PooledArrays.jl
PooledArrays.jl copied to clipboard
implement reference offset
A number of binary formats contain dictionary encoded data with the references as 0-indexed integers. PooledArrays currently can't be used to wrap these because, if I understand correctly, the references are always 1-based. This means that to deserialize a format using PooledArrays you necessarily have to copy all the references.
I suggest we add an offset::Int field so this can be handled more generally. This would be added getindex. The most obvious difficulty with implementing this is that currently zeros give undefined values. Perhaps this can be circumvented at compile time with a new type parameter.
Anyway, before I try to implement this, has anyone given in consideration? How is arrow (which I seem to remember is 0-based) deal with this?
See https://github.com/JuliaData/PooledArrays.jl/pull/65 for a recent discussion.
We should resolve the encoding of missing in coordination with your request.
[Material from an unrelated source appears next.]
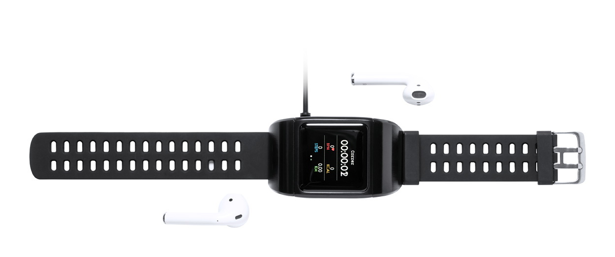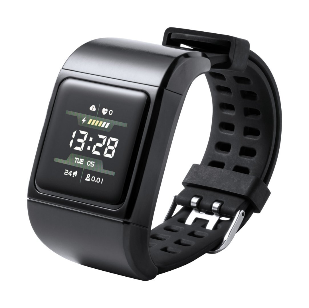 Többfunkciós bluetooth okosóra fém házban, 1,3" LCD érintőképernyővel, 300 mAh újratölthető akkumulátorral és TPU szíjjal. Beépített vezeték nélküli bluetooth fülhallgatóval és kihangosító funkcióval. Számos egészségfigyelő és intelligens funkcióval rendelkezik, mint például pulzusszám-, vérnyomás- és oxigénszintmérő, bluetooth hívás, időjárás előrejelzés, és alvásfigyelő. Csatlakoztatható okostelefonokhoz egy ingyenes iOS és Android alkalmazással. Mágneses vezeték nélküli töltővel és USB töltőkábellel szállítjuk. IP67 vízálló. Antonio Miro márkatermék.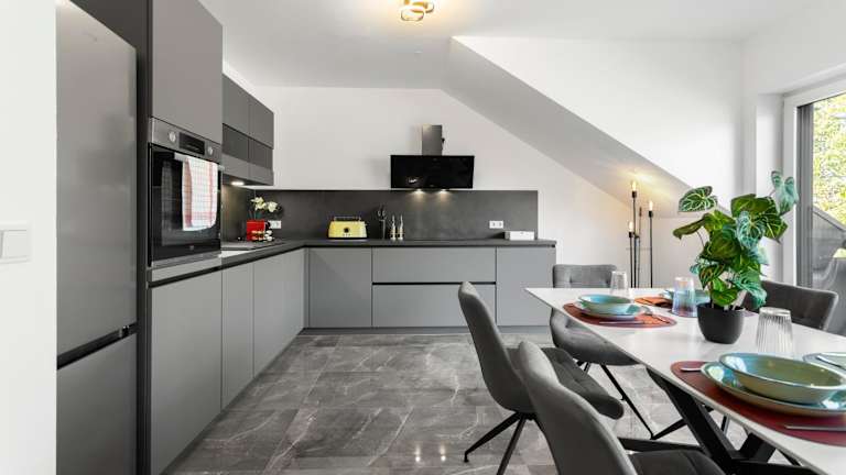 Die Apartments sind ausgestattet mit einem Flachbild-TV und einem eigenen Badezimmer, das eine Dusche und einen Haartrockner beinhaltet. Die Küche ist umfassend eingerichtet und verfügt unter anderem über einen Kühlschrank, Geschirrspüler, Ofen, Herdplatte, Toaster, Kaffeemaschine und Wasserkocher.

The problem is that we also need to handle the cases where unsigned integers are used for storing references (so then 0 is an absolute minimum we can use).
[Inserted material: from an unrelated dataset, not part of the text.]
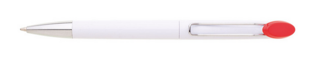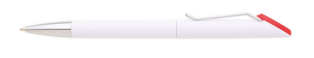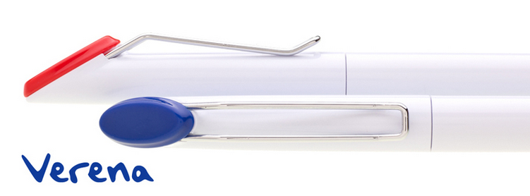Biele plastové guľôčkové pero VERENA s otočným mechanizmom, pochrómovými doplnkami. Farebný držiak klipu je vhodný na epoxy samolepku. Modrá náplň veľkokapacitná. Kolekcia DESIGN. Velkoobsahová

Having said that, at least DataAPI.jl and in particular DataFrames.jl are designed in a way that does not assume that references start at 1 (but PooledArrays.jl currently assumes this AFAICT so making this change should be done very carefully).
Cc: @quinnj about Arrow.
As I had worked a bit more on this, I realized the problem was a bit deeper. Really, to guarantee no copying we need a generic type that can use arbitrary collections for pool and references. Here is a minimal example I implemented for my parquet project:
struct PooledVector{𝒯,ℛ<:AbstractVector{<:Integer},𝒱} <: AbstractVector{𝒯}
pool::𝒱
refs::ℛ
end
PooledVector{𝒯}(vs, rs) where {𝒯} = PooledVector{𝒯,typeof(rs),typeof(vs)}(vs, rs)
PooledVector(vs, rs) = PooledVector{eltype(vs)}(vs, rs)
Base.size(v::PooledVector) = size(v.refs)
Base.IndexStyle(::Type{<:PooledVector}) = IndexLinear()
DataAPI.refarray(v::PooledVector) = v.refs
DataAPI.refpool(v::PooledVector) = v.pool
DataAPI.levels(v::PooledVector) = v.pool
Base.@propagate_inbounds function Base.getindex(v::PooledVector, i::Int)
@boundscheck checkbounds(v, i)
@inbounds v.pool[v.refs[i]+1]
end
(perhaps ironically, I did not bother to include an arbitrary offset). In the case of lazily loaded parquet files, it is not necessarily guaranteed that the pool and refs are of a particular type. An even more general version could included an arbitrary transformation from reference to index, though perhaps that's a bit excessive.
For reference, Arrow.jl has the Arrow.DictEncoded custom "pooled array" type, implemented here. It allows zero-copy view into the arrow data. When you copy one, we convert to PooledArray.